GUTTENBERG: He lives up the road.


GUTTENBERG: Unfortunately. But that is not good for democracy. And so my hope is, they get back to doing the work of the American people, and not the former president. And honestly, America, if you don't like what's happening there now, get out and vote in '24.

WALSH: We're going to get out there and model how to do this for people. And Jake, look, I come from the right. The right is further down this divisive road but most of Americans on the same row.

TAPPER: Well, the left is pretty -- the left can, you know, obviously, it's all up to individuals. But there could be some pretty nasty stuff out there on the left.

GUTTENBERG: Agree, yes, yes. But it's not the entire party.

TAPPER: Right.

GUTTENBERG: That's the difference.

TAPPER: Right.

WALSH: Right. But we're on the same -- I mean, we're all on the same road, and it's a dangerous road to be on. We have to listen to each other. Even, Jake, if we don't find common ground. And you and I haven't found common ground on most of the stuff.

GUTTENBERG: Listen, I will tell you, I'm going to vote for President Biden. He's decent. He believes in democracy. The other guy is indecent and he doesn't believe in democracy.

TAPPER: But this is an issue where you guys agree.

WALSH: That what we agree.

GUTTENBERG: Yes, we do.

TAPPER: Right. But there's other stuff that I'm more interested in the stuff you disagree on, because that's what's tearing up the country not you guys, you know --

GUTTENBERG: -- the fact that we can actually talk about what we agree and disagree on is what matters.

TAPPER: All right. Well, it's great having you here and good luck with Dads Defending Democracy Tour. It's good to have you, Joe Walsh and Fred Guttenberg, Two Dads Defending Democracy Tour kicks off tomorrow at the University of Delaware's Biden School just up by 95. Thanks to both you.
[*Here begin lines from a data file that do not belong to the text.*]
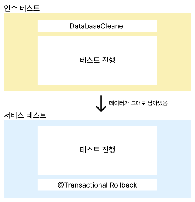 마지막 인수 테스트가 끝나면 데이터가 남아있는 상태에서 첫번째 서비스 테스트가 진행되기 때문에 문제가 발생했던 것 입니다.
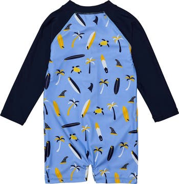 Long sleeves provide baby with extra coverage from the sun in this one-piece swimsuit that's easy to get on/off with a quick front zip closure and convenient snaps.
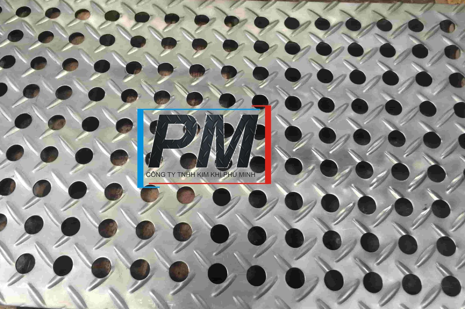 Chúng tôi thiết kế, gia công mặt sàn chống trượt dạng lỗ tròn.
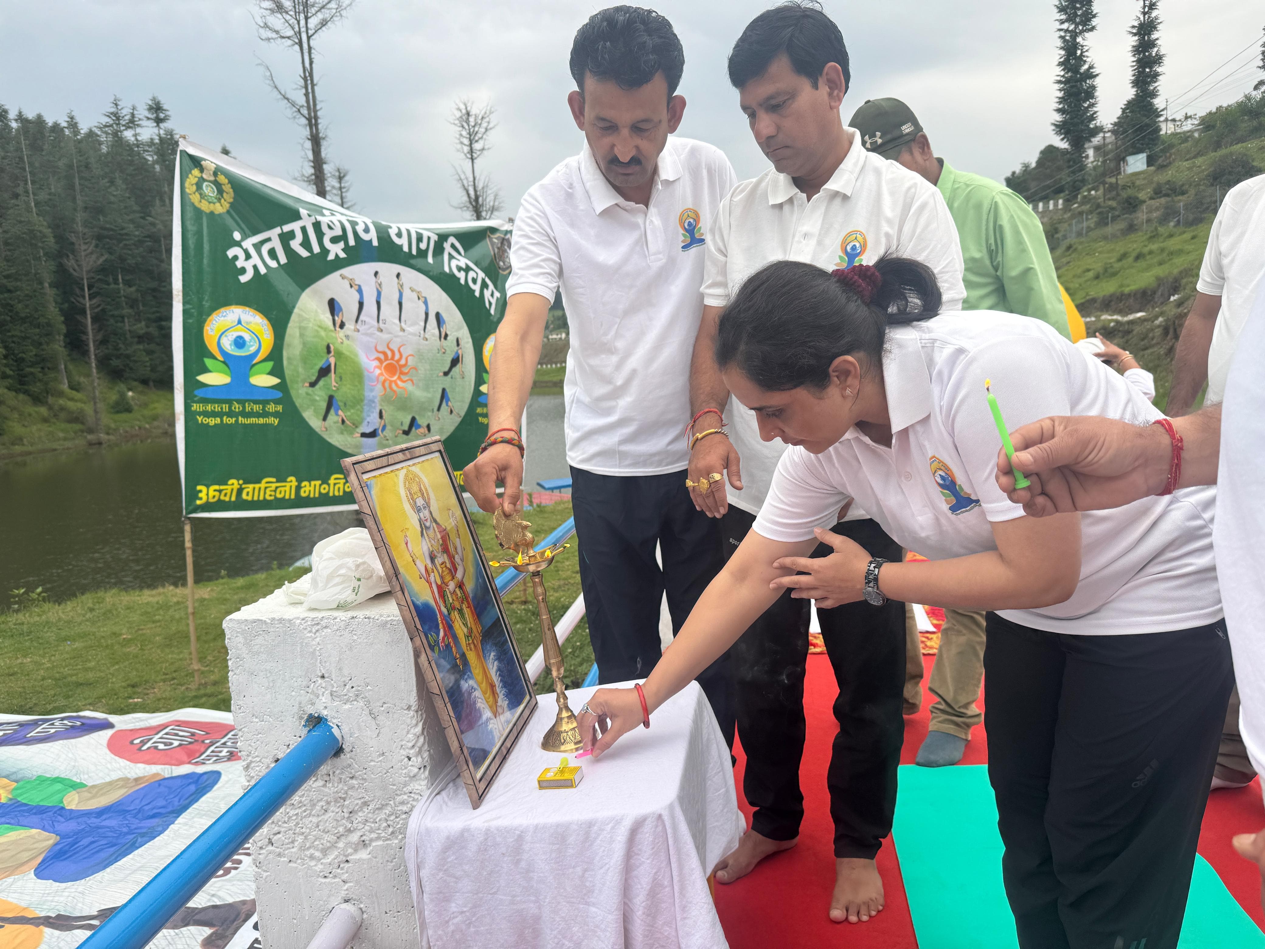 11वें अंतरराष्ट्रीय योग दिवस के अवसर पर कोलीढेक झील (लोहाघाट) में आयुष एवं आयुष शिक्षा विभाग तथा जिला प्रशासन के संयुक्त तत्वावधान में भव्य योग कार्यक्रम का आयोजन किया गया, जिसमें 300 से अधिक प्रतिभागियों ने भाग लिया। कार्यक्रम में मुख्य अतिथि नगर पालिका अध्यक्ष गोविंद वर्मा, विशिष्ट अतिथि व्यापार मंडल अध्यक्ष श्री मनीष जुकरिया, ITBP असिस्टेंट कमांडेंट श्री गौरव कुमार सहित प्रशासन एवं विभागों के कई अधिकारी उपस्थित रहे। कार्यक्रम का संचालन नोडल अधिकारी डॉ. उमेश भारती द्वारा दीप प्रज्वलन व स्वागत भाषण के साथ हुआ। योग अभ्यास का नेतृत्व योग प्रशिक्षकों श्रीमती लीला जोशी, श्री शंकर सिंह अधिकारी और श्रीमती कविता बोहरा ने किया। इस अवसर पर ITBP जवानों सहित विभिन्न विभागों के अधिकारी-कर्मचारी, आम नागरिकों और स्वयंसेवकों ने कॉमन योगा प्रोटोकॉल का अभ्यास किया।
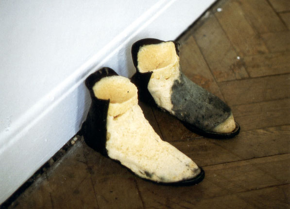 Das Innere von Schuhen ist mit Seife ausgegossen. Nachdem Teile des Schuhleders entfernt sind, tritt an den fehlenden Teilen der Schuhe die riechende wieder erstarrte Seife zum Vorschein.
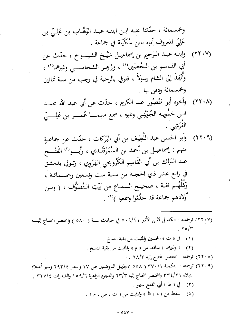 2209 - وَأَبُو الْحسن عبد اللَّطِيف بن أبي البركات حدث عَن جمَاعَة مِنْهُم إِسْمَاعِيل بن أَحْمد بن السَّمرقَنْدِي وَأَبُو الْفَتْح عبد الْملك بن أبي الْقَاسِم الكروخي الْهَرَوِيّ وَتُوفِّي بِدِمَشْق فِي رَابِع عشر ذِي الْحجَّة من سنة سِتّ وَتِسْعين وَخَمْسمِائة وَكلهمْ ثِقَة صَحِيح السماع من بَيت التصوف وَمن أَوْلَادهم جمَاعَة قد حدثوا وسمعوا

Good to see you.


Coming up, Beyonce and the Beatles, how about that for a combo, big headlines on them both today.


TAPPER: Our Pop Culture Lead now, Beyonce's venture into country music is officially ahead.


TAPPER: All right, new song, "Texas Hold 'Em" debuted in the top spot of Billboard's Hot Country Songs charter song, "16 Carriages" ranks number nine on the chart. Beyonce is the first woman to top both the hot country and hot R&B hip hop charts since the lists began in 1958.
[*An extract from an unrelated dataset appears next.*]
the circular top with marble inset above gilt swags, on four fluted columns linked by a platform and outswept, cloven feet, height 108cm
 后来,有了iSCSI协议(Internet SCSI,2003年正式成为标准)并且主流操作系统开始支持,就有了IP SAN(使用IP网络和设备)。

Speaking of music way back when "Variety" reports that Hollywood is cooking up four separate movies about the Beatles, that's four, each told from the point of view of one of the Fab Four. Those films are due in 2027. In the meantime, you're just going to have to let it be, I suppose.


If you ever miss an episode, it'll lead you can listen to the show once you get your podcasts. Our coverage continues now, with one Mr. Wolf Blitzer right next door in a place I like to call the Situation Room. I'll see you tomorrow.